# Training a ML Model using the serenityff-charge package

## Import necessary packages and set file paths:

The [Trainer](../gnn/training/trainer.py) is a class that facilitates the training of an ML model and the [ChargeCorrectedNodeWiseAttentiveFP](../gnn/utils/model.py) is the model, that was trained in this work.

In [2]:
from shutil import rmtree
import pandas as pd
import torch
from rdkit import Chem

from serenityff.charge.gnn.training.trainer import Trainer, ChargeCorrectedNodeWiseAttentiveFP


sdf_file = "../data/example.sdf"
pt_file = "../data/example_graphs.pt"
state_dict_path = "../data/example_state_dict.pt"
model_path = "../data/example_model.pt"

## Instantiate the trainer

Here you can specify whether you want to train your model on a CUDA enabled gpu or on the cpu, simply by setting `device = "cuda" / "cpu"`.

The loss function for the training is set to the `torch.nn.functional.mse_loss` by default. Provide any other callable for loss calculation with the kwarg `_loss_function_`.

In [3]:
trainer = Trainer(device = "cpu")

## Initialize model, optimizer and setting output path

### Load existing model

You can load an already existing `ChargeCorrectedNodeWiseAttentiveFP` by loading a saved model or a saved state_dict from a previously trained model. 

This of course only works if the model or the state dict originate or are a `ChargeCorrectedNodeWiseAttentiveFP`.



In [4]:
#trainer.model = state_dict_path
#trainer.model = model_path

## Train new model

You can also train a new model.

Also, for the trainer to work, you have to provide it an optimizer, and a string to where trained model and loss files should be saved.

In [5]:
trainer.model = ChargeCorrectedNodeWiseAttentiveFP()
trainer.optimizer = torch.optim.Adam(trainer.model.parameters(), lr = 10**-5)
trainer.save_prefix = "./training/example"

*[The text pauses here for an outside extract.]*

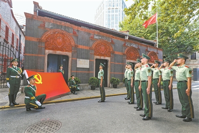 夏日申城,滿目綠色。站在武警上海市總隊(duì)執(zhí)勤第四支隊(duì)十中隊(duì)營(yíng)房頂層望去,一座紅色基調(diào)浸染的石庫(kù)門建筑,在現(xiàn)代都市建筑群中格外醒目。那里,正是黨的一大會(huì)址。

### Generate molecular graph from .sdf files

There are two possibilities to load/generate molecular graphs. Either, you load in previously generated graphs by using `Trainer.load_graphs_from_pt()` or you generate them from an .sdf file containing molecules and their charges, that are used for the training. See [prep_sdf_input.ipynb](prep_sdf_input.ipynb) for the preparation of said sdf files.

In [6]:
trainer.load_graphs_from_pt(pt_file=pt_file)
trainer.gen_graphs_from_sdf(sdf_file=sdf_file)
trainer.prepare_training_data(train_ratio=0.8)

### Train a new model

To train a model, use the function `train_model()`. Specify epochs and batch size (defaults to 64).

This function saves you the train and eval losses in seperate files as well as the model's state dict after the training.

In [7]:
epochs = 30
train_loss, eval_loss = trainer.train_model(epochs=epochs)

## Predict charges for test molecule

To predict values for known or unknown molecules, use the `predict()` function. It takes either rdkit molecules or molecular graphs (or Sequences of them) created as shown above as input. 

In [9]:
mol = Chem.MolFromSmiles("c1ccccc1")
mol = Chem.AddHs(mol)
trainer.predict(mol)

[[[-0.0001327507197856903],
  [-0.0001327507197856903],
  [-0.0001327507197856903],
  [-0.0001327507197856903],
  [-0.0001327507197856903],
  [-0.0001327507197856903],
  [0.00013274699449539185],
  [0.00013274699449539185],
  [0.00013274699449539185],
  [0.00013274699449539185],
  [0.00013274699449539185],
  [0.00013274699449539185]]]

Remove all the generated files by this cool example notebook.

In [10]:
rmtree("./training/")